◆ Problem details
Transcribe, exactly and without pictures, the lines below from the line with "The Addison Creek Reservoir" to the line with "The priority for", both ends included, and no others.
****************
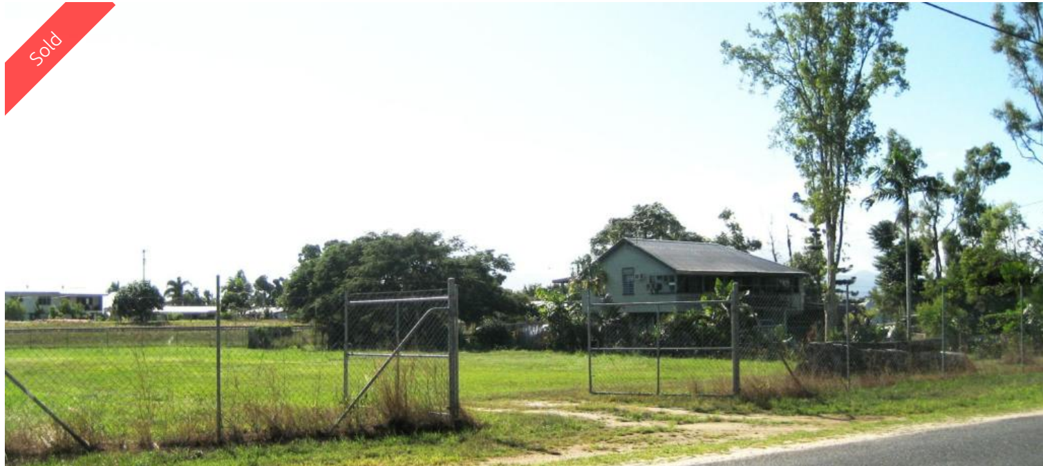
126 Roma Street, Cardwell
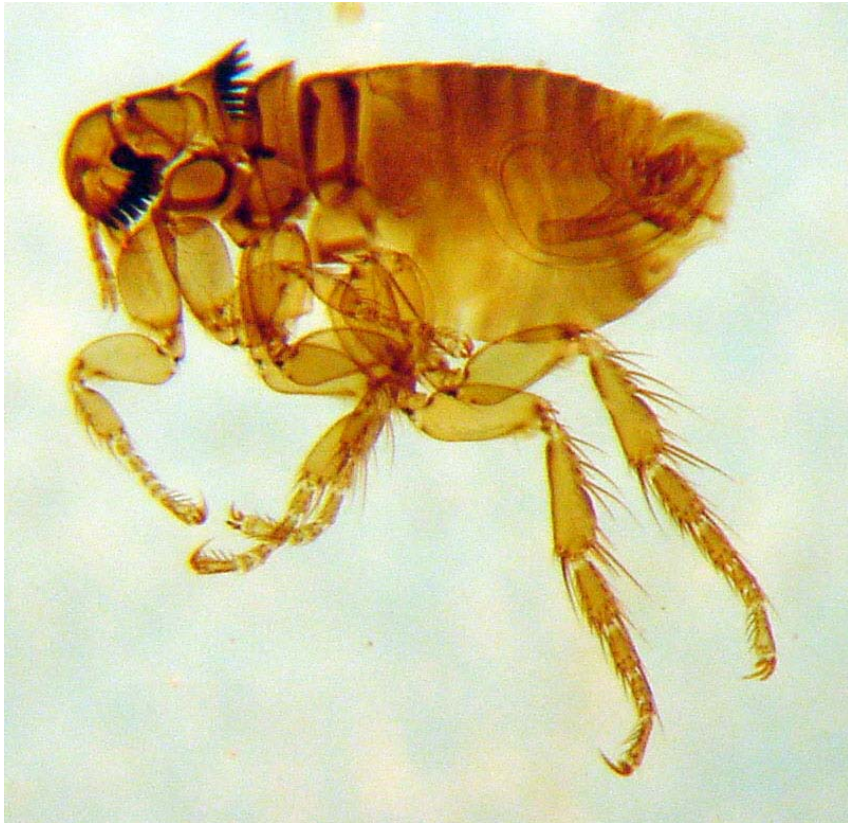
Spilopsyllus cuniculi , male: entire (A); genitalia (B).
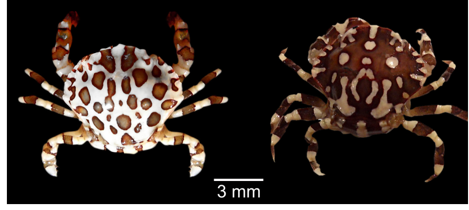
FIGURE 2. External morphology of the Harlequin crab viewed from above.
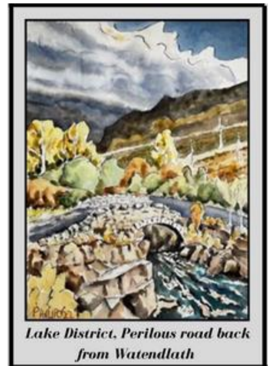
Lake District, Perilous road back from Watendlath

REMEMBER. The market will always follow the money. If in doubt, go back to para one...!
****************
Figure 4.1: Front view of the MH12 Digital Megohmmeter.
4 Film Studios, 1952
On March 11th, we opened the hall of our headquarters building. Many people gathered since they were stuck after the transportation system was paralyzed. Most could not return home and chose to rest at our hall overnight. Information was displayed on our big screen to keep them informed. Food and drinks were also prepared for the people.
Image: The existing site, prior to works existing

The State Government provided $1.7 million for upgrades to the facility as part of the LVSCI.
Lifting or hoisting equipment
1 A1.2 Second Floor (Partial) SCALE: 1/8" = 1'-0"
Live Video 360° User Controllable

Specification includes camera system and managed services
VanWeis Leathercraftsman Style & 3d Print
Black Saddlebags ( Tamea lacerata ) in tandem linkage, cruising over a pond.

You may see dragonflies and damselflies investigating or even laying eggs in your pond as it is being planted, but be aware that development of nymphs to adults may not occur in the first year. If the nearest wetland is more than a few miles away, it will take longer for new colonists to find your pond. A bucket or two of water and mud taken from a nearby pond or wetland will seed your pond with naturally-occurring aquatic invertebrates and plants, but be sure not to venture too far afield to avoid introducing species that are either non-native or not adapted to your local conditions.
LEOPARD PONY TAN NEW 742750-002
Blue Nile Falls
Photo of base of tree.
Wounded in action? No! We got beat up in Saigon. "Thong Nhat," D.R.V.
****************
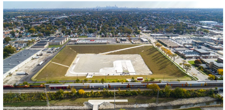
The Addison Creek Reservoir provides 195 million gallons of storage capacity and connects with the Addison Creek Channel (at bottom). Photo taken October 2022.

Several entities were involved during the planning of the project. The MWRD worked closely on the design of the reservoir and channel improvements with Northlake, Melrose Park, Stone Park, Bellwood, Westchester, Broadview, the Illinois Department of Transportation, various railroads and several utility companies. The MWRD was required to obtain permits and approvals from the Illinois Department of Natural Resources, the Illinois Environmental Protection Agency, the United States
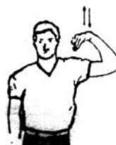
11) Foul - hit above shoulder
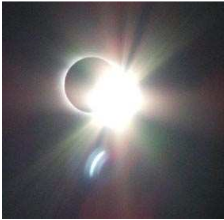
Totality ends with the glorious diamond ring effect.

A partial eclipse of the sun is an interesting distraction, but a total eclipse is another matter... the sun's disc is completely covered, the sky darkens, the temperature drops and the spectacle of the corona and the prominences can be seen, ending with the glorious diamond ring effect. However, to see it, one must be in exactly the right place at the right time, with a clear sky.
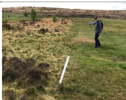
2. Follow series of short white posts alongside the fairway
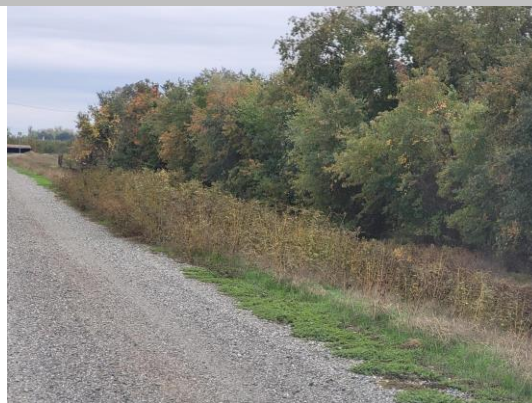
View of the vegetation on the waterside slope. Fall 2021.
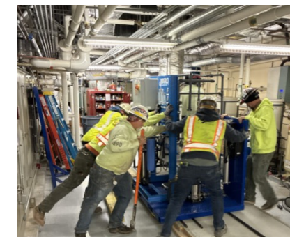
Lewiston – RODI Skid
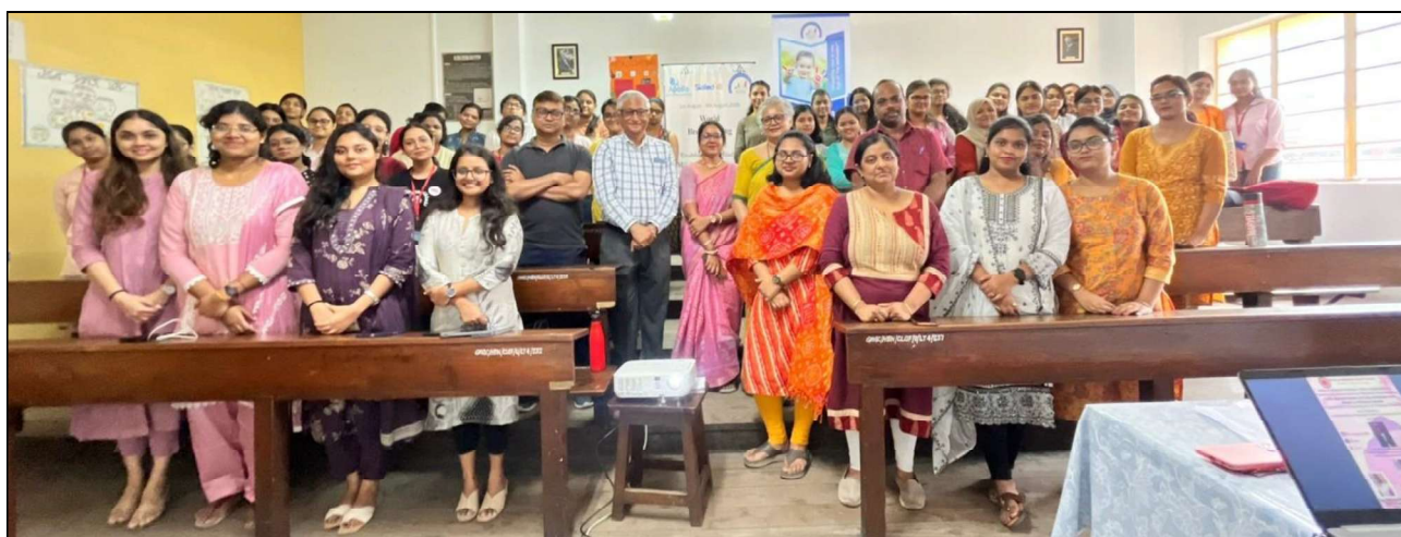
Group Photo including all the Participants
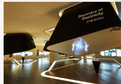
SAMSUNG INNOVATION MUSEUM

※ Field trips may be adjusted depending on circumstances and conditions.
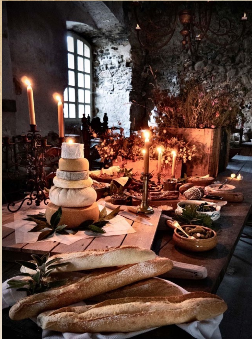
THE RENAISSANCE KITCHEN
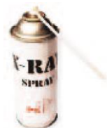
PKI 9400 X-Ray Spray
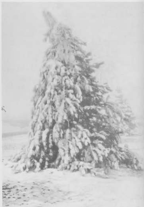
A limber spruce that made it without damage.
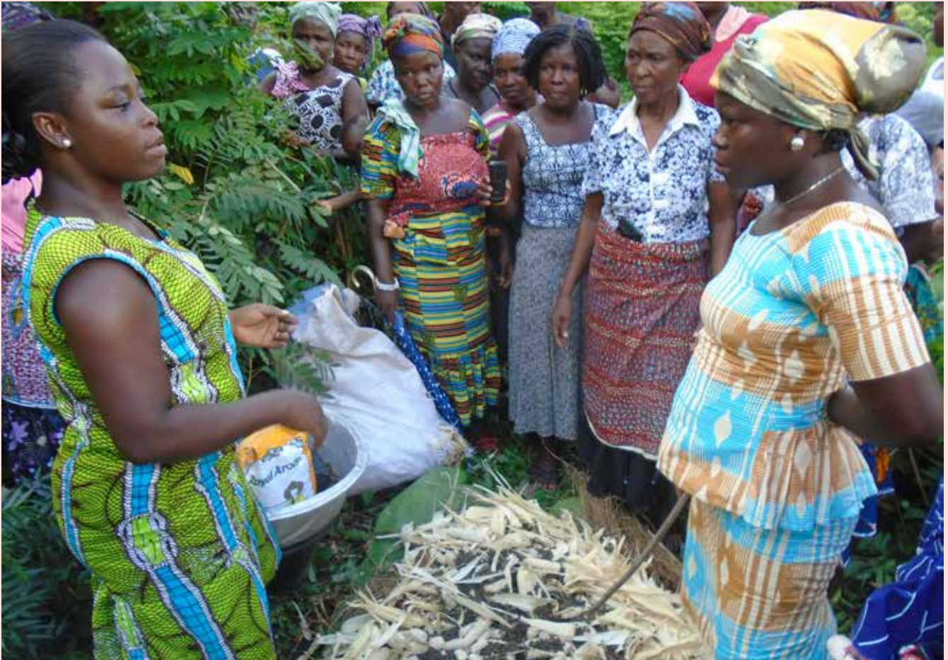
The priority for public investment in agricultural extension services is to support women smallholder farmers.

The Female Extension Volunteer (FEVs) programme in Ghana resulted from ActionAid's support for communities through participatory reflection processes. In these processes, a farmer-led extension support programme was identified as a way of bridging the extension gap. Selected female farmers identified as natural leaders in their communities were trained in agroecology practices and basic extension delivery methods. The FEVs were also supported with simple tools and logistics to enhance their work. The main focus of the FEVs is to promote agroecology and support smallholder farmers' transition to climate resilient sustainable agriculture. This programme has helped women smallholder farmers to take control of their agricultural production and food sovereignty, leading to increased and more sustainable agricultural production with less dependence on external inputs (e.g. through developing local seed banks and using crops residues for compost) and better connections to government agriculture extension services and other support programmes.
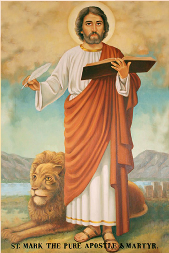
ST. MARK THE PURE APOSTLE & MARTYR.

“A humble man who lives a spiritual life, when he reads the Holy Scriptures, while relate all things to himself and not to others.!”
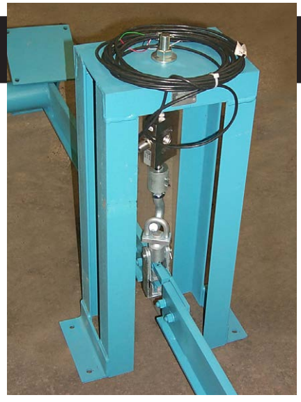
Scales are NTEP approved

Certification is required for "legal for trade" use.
****************
◆ Reply
The Addison Creek Reservoir provides 195 million gallons of storage capacity and connects with the Addison Creek Channel (at bottom). Photo taken October 2022.

Several entities were involved during the planning of the project. The MWRD worked closely on the design of the reservoir and channel improvements with Northlake, Melrose Park, Stone Park, Bellwood, Westchester, Broadview, the Illinois Department of Transportation, various railroads and several utility companies. The MWRD was required to obtain permits and approvals from the Illinois Department of Natural Resources, the Illinois Environmental Protection Agency, the United States
11) Foul - hit above shoulder
Totality ends with the glorious diamond ring effect.

A partial eclipse of the sun is an interesting distraction, but a total eclipse is another matter... the sun's disc is completely covered, the sky darkens, the temperature drops and the spectacle of the corona and the prominences can be seen, ending with the glorious diamond ring effect. However, to see it, one must be in exactly the right place at the right time, with a clear sky.
2. Follow series of short white posts alongside the fairway
View of the vegetation on the waterside slope. Fall 2021.
Lewiston – RODI Skid
Group Photo including all the Participants
SAMSUNG INNOVATION MUSEUM

※ Field trips may be adjusted depending on circumstances and conditions.
THE RENAISSANCE KITCHEN
PKI 9400 X-Ray Spray
A limber spruce that made it without damage.
The priority for public investment in agricultural extension services is to support women smallholder farmers.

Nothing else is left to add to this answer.